Started in 1958, the KWV Collection features post-war paintings rooted in the Cape region, its landscapes, people and industries. Formerly displayed at the Laborie Manor and KWV Sensorium in the La Concorde head office, both in Paarl, the consignment to Strauss & Co includes The Origin of Wine/The Epic of Gilgamesh (estimate R800 000 – 1.2 million), an elaborate panel piece commissioned by KWV from Cecil Skotnes. The work narrates the history of wine and its arrival in South Africa and marked a pivotal moment in the artist’s later career. The collection also includes two Skotnes table settings, notably Still life with Bottles (estimate R400 000 – 600 000) and Wyn wat die Meuse-hart Verheug (estimate R60 000 – 80 000)
Other highlights from the KWV Collection are Erik Laubscher’s late landscape Winter Vines, Kloovenberg (estimate R400 000 – 600 000) and Maggie Laubser’s Still Life with Dahlias and Grapes (estimate R250 000 – 350 000). Collectors of Cape landscapes are directed to works by Marjorie Wallace and Gregoire Boonzaier, in particular the latter painter’s Edge of the Forest, Kenilworth (estimate R150 000 – 2000 000) and After the Rain, Kenilworth (estimate R 250 000 – 350 000). The KWV Collection also includes figure studies and portraits by François Krige, Christo Coetzee and Maurice van Essche.
Left: (Detail) Banksy, Happy Choppers, 2003, colour screenprint image size: 67 by 48cm, R 900 000 - 1 200 000. Oppsite Page: Mr Brainwash, Madonna, silkscreen and spraypaint on canvas 120,5 by 120,5cm.
Thomas Bowler, Port Elizabeth circa 1861, oil on canvas laid down on board 40 by 63cm, R 150 000 - 200 000
Oil paintings by Thomas Bowler are exceedingly rare with only twelve examples known to be in existence. Strauss & Co is delighted to offer two Bowler oils consigned by Metropolitan Life: the undated maritime scene Arrival of the East Indiaman, St. Lawrence in Table Bay, Cape of Good Hope (estimate R100 000 – 150 000) and a bay scene of Port Elizabeth made circa 1861 (estimate R150 000 – 200 000). Both works have excellent provenance and exhibition histories.
Two works by JH Pierneef from the property of a gentleman lead an impressive selection of works by this auction bellwether in the April sale. Painted in 1952 and measuring 44,5 by 59cm, Baobabs (estimate R2.5 – 3 million) is a fine example of Pierneef’s ornamental late style of depicting the northern landscapes of South Africa. Consigned by the same seller, a 1906 still life executed in charcoal and pencil (estimate R250 000 – 350 000) reveals Pierneef’s solid grounding in the academic tradition.

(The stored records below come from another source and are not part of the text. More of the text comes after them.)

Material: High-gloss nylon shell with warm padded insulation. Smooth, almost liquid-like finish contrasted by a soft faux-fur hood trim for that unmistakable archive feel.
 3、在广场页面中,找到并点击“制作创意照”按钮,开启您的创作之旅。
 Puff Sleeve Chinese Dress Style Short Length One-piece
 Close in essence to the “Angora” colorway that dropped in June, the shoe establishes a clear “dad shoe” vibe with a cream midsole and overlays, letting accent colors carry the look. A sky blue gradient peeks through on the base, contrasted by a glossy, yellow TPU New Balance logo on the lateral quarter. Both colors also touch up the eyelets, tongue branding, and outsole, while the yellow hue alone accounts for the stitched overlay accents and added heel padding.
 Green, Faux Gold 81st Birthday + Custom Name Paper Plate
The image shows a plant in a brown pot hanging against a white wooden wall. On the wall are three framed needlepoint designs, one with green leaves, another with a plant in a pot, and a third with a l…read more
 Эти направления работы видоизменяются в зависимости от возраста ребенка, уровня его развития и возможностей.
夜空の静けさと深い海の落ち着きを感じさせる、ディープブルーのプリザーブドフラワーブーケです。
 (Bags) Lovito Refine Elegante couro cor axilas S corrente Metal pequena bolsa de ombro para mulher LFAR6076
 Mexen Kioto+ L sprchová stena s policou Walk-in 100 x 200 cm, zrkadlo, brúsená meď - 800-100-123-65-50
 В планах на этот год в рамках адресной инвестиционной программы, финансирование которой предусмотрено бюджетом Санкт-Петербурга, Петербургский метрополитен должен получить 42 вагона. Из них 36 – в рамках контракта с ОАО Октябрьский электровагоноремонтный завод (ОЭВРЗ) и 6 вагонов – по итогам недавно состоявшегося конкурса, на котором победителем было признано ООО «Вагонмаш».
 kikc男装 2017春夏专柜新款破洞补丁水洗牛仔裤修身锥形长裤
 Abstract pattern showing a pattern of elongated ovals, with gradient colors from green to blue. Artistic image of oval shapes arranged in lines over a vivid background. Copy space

Other notable Pierneef lots in the April catalogue include his epic of tone and mood, Sunlit Mountains, Clarens (estimate R1.5 – 2 million), and Elephant Castle, Selati Rivier, Phalaborwa (estimate R1.8 – 2.4 million), an assured work from 1945 depicting the confluence of the Selati and Olifants rivers outside Phalaborwa. Findlay Farm, Magaliesberg (estimate R1.2 – 1.6 million) portrays the region surrounding Hartbeesport Dam and was made shortly after Pierneef’s divorce from his first wife, Agatha, in 1924. A tireless traveller of his homeland, Fishing Boats, Hout Bay (estimate R2 – 3 million) dates from 1942 and depicts a pair of sculptural fishing boats backed by a row of coastal houses and mountains.
A notable highlight of the sale is Maggie Laubser’s Shepherd and Sheep (estimate 1 200 000 – 1 500 000). Executed in 1924 when Laubser returned from Europe to her family farm, it represents one of numerous paintings of Ou Booi, the bushman who was the shepherd on the farm sporting his trademark outfit.
Jacob Hendrik Pierneef, Stillewe, charcoal and pencil on paper 43,5 by 57,5cm, R 250 000 - 350 000, Property of a Gentleman
The middle of the twentieth century was a time of change and innovation for South African painting. Three painters stand out. Alexis Preller’s Constellation from 1966 (estimate R650 000 – 850 000) is a low relief made of gesso, oil and gold leaf on wood and features abundant galactic allusions. Christo Coetzee’s After Japan (estimate R250 000 – 350 000) recalls his important work visit to Japan in 1959-60, and was first exhibited at Galerie Stadler, Paris, in 1961. Erik Laubscher’s vividly coloured trio of acrylics – Eggs and Gasket, Still Life: Homage to Marsden Hartley, recto; Buildings, verso, and Abstract Still Life (estimate R250 000 – 350 000 each) –derive from his confident middle period in the 1970s.
The vibrant Laubschers are the property of a private collector. Another notable lot from this collection is American painter Larry Rivers’s notational portrait of his lover titled Head of Molly (estimate R200 000 – 300 000). The work was acquired from dealer Joe Wolpe and has been authenticated by the Estate of Larry Rivers. The story of painting is one of many possibilities Adriaan Boshoff’s impressionist studies of farm life and youth have been a staple of private collections since the 1970s and over the past two decades he has commanded solid prices at auction. Boshoff’s Cattle Branding (estimate R900 000 – R1.2 million) leads a selection of four works by this self-taught painter.
Contemporary painters represented in the sale include Arlene Amaler-Raviv, Beezy Bailey, Jan-Henri Booyens, Tom Cullberg, Matthew Hindley, Ayanda Mabulu, Joel Mpah Dooh, Thierry Oussou, Lionel Smit and Pierre Vermeulen. Esther Mahlangu’s 2014 canvas Abstract (estimate R70 000 – 100 000) records her commitment to a culturally resonant hard-edged abstraction. Mustafa Maluka’s two canvases, They have got to Hate what they Fear from 2008 (estimate R200 000 – 300 000) and You Say you Know how we Feel from 2007 (estimate R200 000 – 250 000), are large, colourful, bold portraits of street smarts.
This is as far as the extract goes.